Les objets au théâtre caractérisent leur possesseur, mieux qu’une longue description romanesque ne pourrait le faire. Ainsi dans Mademoiselle Julie de Strindberg, le fait que le valet Jean ne boive que du vin de Bourgogne, nous renseigne sur ses prétentions à l’élévation sociale, tandis que le fait que l’aristocrate Julie déclare préférer la bière, nous renseigne sur son désir de « faire peuple » et sa fascination trouble pour la déchéance sociale.
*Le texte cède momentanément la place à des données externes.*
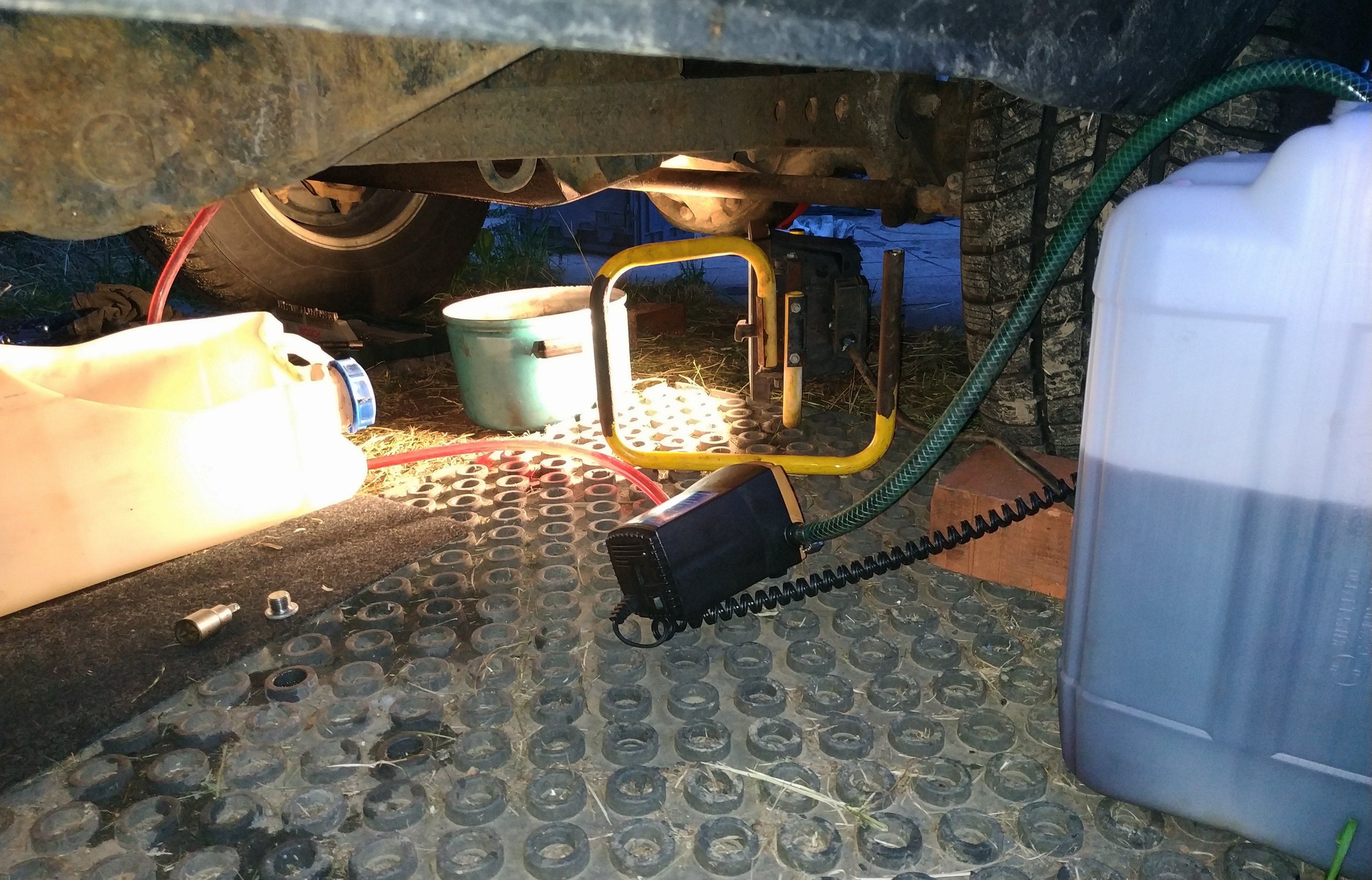 TIP: nový olej lze sice napouštět například velkou 0,3L stříkačkou, ale při tak velkém množství to zabere dost času. Já jsem si pořídil (celkem levně) malé, olejové, elektrické čerpadlo na 12V, které je schopno napustit kontrolovaně vypínačem převodovku za pouhé 3 min. Nespornou výhodou je fakt, že nepotřebujete elektřinu z 220V zásuvky a olej můžete měnit v polních podmínkách.

Plus spectaculaire encore, au dénouement de la pièce, Jean prévoit de s’enfuir en enlevant Julie, avec qui il a couché ; mais il suffit d’un coup de sonnette et de la vue des bottes de Monsieur, le père de Julie, pour que le valet soit renvoyé à sa condition d’esclave et se retrouve soudain paralysé. L’objet métonymique (les bottes) s’est substitué au personnage absent: Monsieur.
On pense ici au tableau de Van Gogh représentant une paire de chaussures. Ces chaussures ont fait couler beaucoup d’encre philosophique depuis Heidegger jusqu’à Derrida,  mais  toutes ces interprétations pointent le fait que le pathétique soulevé par la peinture vient de ce qu’elles nous font imaginer de la vie du possesseur de ces chaussures, à la fois absent du tableau et omniprésent.
De la même façon dans Les Paravents de Jean Genet, le colon Sir Harold surveille ses ouvriers algériens dans un champ. Toutefois pour continuer à exercer la terreur sur ses ouvriers et s’épargner la peine de les surveiller, il lui suffit de la présence de son gant :
« Habib : Vous partez déjà, Sir Harold ?
Voix de Sir Harold, de la coulisse : Pas tout à fait. Mon gant vous gardera.
Un merveilleux gant de pécari jaune arrive, jeté de la coulisse. Il reste comme suspendu dans l’air, au milieu de la scène. 
Quoi de mieux que les bottes du maître ou son gant, symboles de la sa puissance et de sa violence, pour dire l’aliénation de l’esclave.
De même dans Les Bonnes de Jean Genet, Solange et Claire n’ont besoin que des robes de Madame, d’une sonnette et d’un gant de cuisine, pour se livrer avec délice et terreur aux jeux sadomasochistes de la domination et de la soumission, de l’orgueil et de l’humiliation. Il y a toujours de l’humain qui déborde de l’objet, particulièrement parce que les objets sont des surfaces sur lesquels nous projetons nos angoisses :
« Claire : Tu sais ce que je veux dire. Tu sais bien que les objets nous abandonnent.
Solange : Les objets ne s’occupent pas de nous.
Claire : Ils ne font que cela. Ils nous trahissent. Et il faut que nous soyons de bien grands coupables pour qu’ils nous accusent avec un tel acharnement. »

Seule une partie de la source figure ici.